Entlang der Schlucht von San Juan
Unter dichtem Fayal-Brezal führt der Pfad weiter, gesichert von Holzgeländern an den steilsten Passagen. Hoch über der Schlucht von San Juan liegt das nur schwer erreichbare Dorf Arguamul. Ein kurzer Abstecher für den Ausblick zur Küste lohnt sich: Der Blick reicht bis nach La Palma, während der Teide noch immer hinter einem am Horizont sichtbar bleibt.
Terreno de las Brujas und Chijeré
Der Weg quert einen wachsenden Bestand aus Baumheide und führt zur Abzweigung „Terreno de las Brujas" – dem Land der Hexen, mit einem kleinen Stausee und einer Anlage zur Wassergewinnung aus Tau und Nebel, umgeben von stark erodierter, uralter Landschaft. Von dort verläuft der Pfad auf der Schattenseite des Hügels flacher weiter, vorbei an der Ermita de Coromoto und weiter nach Chijeré mit seinen alten Terrassenmauern. Wer mag, geht hier noch ein Stück über die Erosionsflächen bis zur nächsten Abrisskante – von dort erhascht man einen Blick auf die Küstenlandschaft der Los Órganos von oben.
Ziel: Mirador Punta de Alcalá
Weiter geht es zum Ziel der Wanderung, dem Mirador Punta de Alcalá – mit Tischen zum Verweilen und einem weiten Blick über das Vallehermoso-Tal, den Berg Alcalá und den majestätischen Teide, der oft in einem Wolkenmeer über Teneriffa thront.
Rückweg über den Cabezo de los Chiquerillos
Zurück geht es zunächst auf dem bekannten Weg entlang des GR 132. Rund 500 Meter nach der Ermita de Coromoto biegt man links auf einen breiten Fahrweg ab, der in einem Bogen um den 777 m hohen Cabezo de los Chiquerillos herum führt – ein Wegabschnitt mit ganz neuen Perspektiven auf das Tal von Vallehermoso.
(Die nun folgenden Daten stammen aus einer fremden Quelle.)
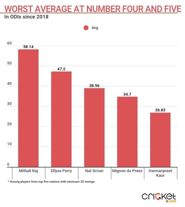 However, after six games in the land of the Kiwis, their middle-order is still struggling to find their mojo, mainly due to the inconsistent performance of vice-captain Harmanpreet Kaur.
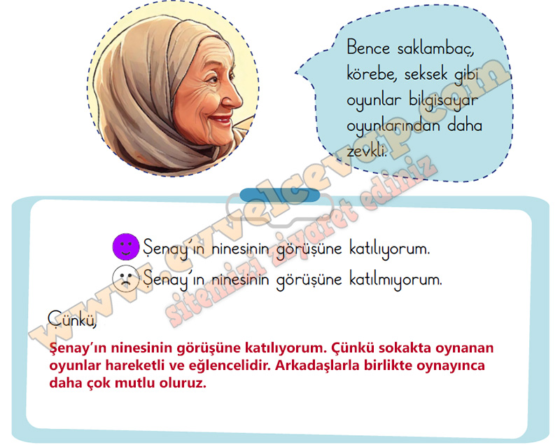 Soru: Şenay’ın ninesinin görüşüne katılıyorsanız gülen yüzü katılmıyorsanız üzgün yüzü boyayınız. Görüşe katılıp katılmadığınızın nedenlerini anlatınız ve yazınız.

An der Ermita de Santa Clara laufen die Wege wieder zusammen. Nach etwa 1,5 km biegt man links auf den Camino de Epina a Santa Clara ab, der durch Fayal-Brezal-Vegetation bergauf zur Funkstation von Vallehermoso führt. Dort trifft er auf den GR 132, der von Vallehermoso zu den Chorros de Epina zurückführt – und schließt so die Runde zum Ausgangspunkt.
Hinweise + Tipps
Anreise
Ausgangs- und Endpunkt der Rundwanderung ist der Parkplatz an den Chorros de Epina nahe dem Restaurante Los Chorros de Epina an der GM-1, im Norden La Gomeras unweit des Dorfes Epina.
Tipps
- Beste Wanderzeit ist Oktober bis April, am besten am Morgen – nachmittags bilden sich häufig Wolken über der Cumbre.
- Verpflegung selbst mitbringen: Auf der gesamten 21 km langen Strecke gibt es keinerlei Einkehrmöglichkeiten – keine Bars, Restaurants oder Wasserquellen. Start und Ziel liegen zwar am Restaurant der Chorros de Epina, unterwegs ist man aber komplett auf sich allein gestellt. Ausreichend Trinkwasser und Proviant für die gesamte Strecke sind unverzichtbar.
- Trittsicherheit und Schwindelfreiheit sind auf dieser Tour Voraussetzung – besonders an den mit Holzgeländern gesicherten, aber teils sehr steilen Passagen über der Schlucht von San Juan und an den Abrisskanten der Erosionsflächen.
- An der Ermita de Santa Clara und dem Mirador Punta de Alcalá lohnen sich längere Pausen – beide Orte laden mit Bänken und Tischen zum Verweilen ein.
- Bei klarer Sicht reicht der Blick vom Bergrücken bis nach Teneriffa mit dem Teide, mitunter sogar bis La Palma – ein zusätzlicher Grund für einen möglichst wolkenlosen Tag.
- Aufgrund der Länge und der Höhenmeter früh starten und genug Zeitpuffer einplanen.